Canadian Currency Touches 4-Year Low Before BanK Meets
The Canadian dollar weakened to C$1.10 for the first time in more than four years amid speculation the U.S. Federal Reserve will slow its monetary stimulus as the Bank of Canada signals more may be on the way.
The currency sank against most major peers before a central-bank rate decision tomorrow that will follow weaker-than-forecast economic reports this month. The bank may signal in a policy statement it favors lower interest rates, only three months after dropping a bias toward higher rates. The Fed will keep reducing monthly bond purchases it makes to spur economic growth, according to economists in a Bloomberg survey.

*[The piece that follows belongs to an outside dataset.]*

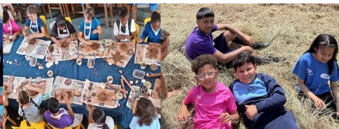
Relaxing in the field

“The impression these two central banks are going in opposite directions really takes the stuffing out of the Canadian dollar,” David Tulk, chief macro strategist at Toronto-Dominion Bank’s TD Securities, said from Toronto in a phone interview. “The next logical step is for the bank to adopt an outright easing bias. Instead of the long-held view that the next move by the Bank of Canada would be up, that it would be down.”
The loonie, as the Canadian dollar is known for the image of the aquatic bird on the C$1 coin, depreciated 0.2 percent to C$1.0967 per U.S. dollar at 5 p.m. in Toronto. It touched C$1.1019, the weakest level since Sept. 4, 2009. One loonie buys 91.18 U.S. cents.
The currency pared losses after data today showed Canadian factory sales in November gained 1 percent to C$50.5 billion ($46 billion), the highest in almost two years. Economists in a Bloomberg News survey forecast a 0.3 percent increase.
The loonie may be poised to reverse its decline, a technical indicator signaled. The currency’s 14-day relative-strength index fell for a sixth day below 30, the level that shows the currency may have weakened too much against its U.S. counterpart. It was the longest stretch below the threshold since March 2013.
Canada’s benchmark 10-year government bonds declined for the first time in five days, pushing yields up two basis points, or 0.02 percentage point, to 2.51 percent. They sank yesterday to 2.47 percent, the lowest since Nov. 1. The price of the 1.5 percent securities due in June 2023 fell 13 cents to C$91.67.
U.S. interest rates have risen as the Federal Reserve reduced the size of the monthly bond purchases it makes to depress borrowing costs to $75 billion this month, from $85 billion. The Fed will keep tapering the purchases in $10 billion increments at each of its policy meetings this year, according to a Jan. 10 Bloomberg survey of 41 economists.
The Canadian dollar has lost 6.2 percent since Bank of Canada Governor Stephen Poloz on Oct. 23 dropped language about raising interest rates that had been inserted more than a year earlier by his predecessor, Mark Carney.
Speculators have increased bets against the loonie this year as Canada reported a November trade deficit nine times wider than forecast and the first net job losses in five months in December. The trade shortfall was C$940 million, versus a C$100 million forecast in a Bloomberg survey, while the nation lost 45,900 positions, compared with a Bloomberg poll’s projection for a gain of 14,100.
The difference in the number of wagers by hedge funds and other large speculators on a decline in the Canadian dollar against the greenback compared with those on a gain, known as net shorts, increased to 67,345 as of Jan. 14, the widest since May, data from the Washington-based Commodity Futures Trading Commission show.
The Bank of Canada is forecast to leave its benchmark interest rate unchanged at 1 percent tomorrow by all 21 economists in a Bloomberg survey. The bank won’t add an easing bias at the meeting, according to economists in a separate Bloomberg poll conducted last week.
“We’re not expecting any change,” said Ian Gordon, Group of 10 foreign-exchange strategist at Bank of America Corp., by phone from New York. “Because the market has priced in a shift toward an easing bias, given the price action we’ve seen, if they don’t change anything, the risk is you get a strengthening of the Canadian dollar because some of those people were expecting an explicit shift.”
Gordon said his bank’s internal flow data show clients paring bets against the loonie before the central-bank meeting.
The Canadian dollar dropped 3 percent over the past month in a basket of 10 developed-nation currencies tracked by the Bloomberg Correlation-Weighted Index, the worst performance. The U.S. dollar rose 0.4 percent.